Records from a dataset
┏━━

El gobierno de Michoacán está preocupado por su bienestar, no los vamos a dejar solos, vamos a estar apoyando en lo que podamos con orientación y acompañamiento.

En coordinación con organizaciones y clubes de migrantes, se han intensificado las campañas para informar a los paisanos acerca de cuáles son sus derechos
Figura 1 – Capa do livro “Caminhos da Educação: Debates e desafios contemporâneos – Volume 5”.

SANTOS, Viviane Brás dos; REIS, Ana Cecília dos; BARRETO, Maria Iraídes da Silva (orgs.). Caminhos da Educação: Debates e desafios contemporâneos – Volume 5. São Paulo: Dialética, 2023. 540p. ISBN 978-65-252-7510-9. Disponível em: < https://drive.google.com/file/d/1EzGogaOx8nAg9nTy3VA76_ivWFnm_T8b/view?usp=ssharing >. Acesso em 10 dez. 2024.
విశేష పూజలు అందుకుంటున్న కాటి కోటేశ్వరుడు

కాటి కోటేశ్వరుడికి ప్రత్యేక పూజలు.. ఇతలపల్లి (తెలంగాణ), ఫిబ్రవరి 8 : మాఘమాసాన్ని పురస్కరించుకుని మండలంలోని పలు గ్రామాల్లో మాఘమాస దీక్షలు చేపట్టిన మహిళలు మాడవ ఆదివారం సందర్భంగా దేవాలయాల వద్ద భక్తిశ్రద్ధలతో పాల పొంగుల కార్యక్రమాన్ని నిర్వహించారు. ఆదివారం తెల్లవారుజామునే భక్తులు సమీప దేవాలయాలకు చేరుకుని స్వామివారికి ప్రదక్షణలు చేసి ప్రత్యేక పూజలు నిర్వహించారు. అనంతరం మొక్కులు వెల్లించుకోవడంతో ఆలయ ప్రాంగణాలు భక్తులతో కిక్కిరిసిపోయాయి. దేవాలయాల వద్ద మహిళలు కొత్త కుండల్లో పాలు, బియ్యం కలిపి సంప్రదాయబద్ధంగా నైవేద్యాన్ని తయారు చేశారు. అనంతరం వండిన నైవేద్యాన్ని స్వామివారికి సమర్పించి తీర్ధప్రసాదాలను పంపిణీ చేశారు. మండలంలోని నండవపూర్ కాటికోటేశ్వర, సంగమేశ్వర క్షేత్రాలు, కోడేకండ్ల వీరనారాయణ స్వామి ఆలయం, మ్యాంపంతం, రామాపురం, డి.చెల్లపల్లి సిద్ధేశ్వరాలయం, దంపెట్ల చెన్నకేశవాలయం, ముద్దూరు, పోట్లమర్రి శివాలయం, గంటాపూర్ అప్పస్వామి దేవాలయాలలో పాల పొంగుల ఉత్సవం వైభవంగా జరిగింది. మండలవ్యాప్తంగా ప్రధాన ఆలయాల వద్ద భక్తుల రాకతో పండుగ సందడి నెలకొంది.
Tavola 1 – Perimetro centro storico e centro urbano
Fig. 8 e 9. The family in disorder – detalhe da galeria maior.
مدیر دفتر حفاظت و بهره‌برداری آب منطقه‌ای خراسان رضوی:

┗━━
┏━━

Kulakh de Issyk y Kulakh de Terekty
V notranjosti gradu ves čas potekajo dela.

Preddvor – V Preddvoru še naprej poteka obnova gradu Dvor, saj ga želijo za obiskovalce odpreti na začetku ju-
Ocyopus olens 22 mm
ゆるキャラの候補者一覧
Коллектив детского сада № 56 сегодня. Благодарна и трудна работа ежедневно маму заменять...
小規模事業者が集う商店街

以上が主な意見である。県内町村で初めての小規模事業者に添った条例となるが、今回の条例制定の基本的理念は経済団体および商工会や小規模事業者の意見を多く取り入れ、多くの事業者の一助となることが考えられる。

┗━━
┏━━

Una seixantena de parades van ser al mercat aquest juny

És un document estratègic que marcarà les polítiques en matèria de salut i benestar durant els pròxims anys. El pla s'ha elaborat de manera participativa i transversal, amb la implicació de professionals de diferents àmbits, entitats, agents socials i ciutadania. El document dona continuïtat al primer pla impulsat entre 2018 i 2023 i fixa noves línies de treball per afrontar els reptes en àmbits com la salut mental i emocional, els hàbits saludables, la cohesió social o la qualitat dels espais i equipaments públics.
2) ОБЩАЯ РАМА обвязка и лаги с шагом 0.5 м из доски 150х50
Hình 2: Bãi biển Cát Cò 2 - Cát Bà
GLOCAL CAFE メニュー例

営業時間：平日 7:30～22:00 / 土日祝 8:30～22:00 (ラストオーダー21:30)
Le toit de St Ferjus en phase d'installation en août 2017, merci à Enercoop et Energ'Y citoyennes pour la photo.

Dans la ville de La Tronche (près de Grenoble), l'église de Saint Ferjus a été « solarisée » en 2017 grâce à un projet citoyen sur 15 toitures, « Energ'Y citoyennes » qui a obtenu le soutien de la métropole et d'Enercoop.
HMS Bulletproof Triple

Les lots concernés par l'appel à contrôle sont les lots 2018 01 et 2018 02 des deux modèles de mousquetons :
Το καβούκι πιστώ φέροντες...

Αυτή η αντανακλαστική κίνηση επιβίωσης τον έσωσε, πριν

┗━━

### Work task
Here the output must be the lines above from the line with "Fig. 8 e 9." to the line with "مدیر دفتر حفاظت", both included, duplicated word for word and nothing else.

### Result
Fig. 8 e 9. The family in disorder – detalhe da galeria maior.
مدیر دفتر حفاظت و بهره‌برداری آب منطقه‌ای خراسان رضوی:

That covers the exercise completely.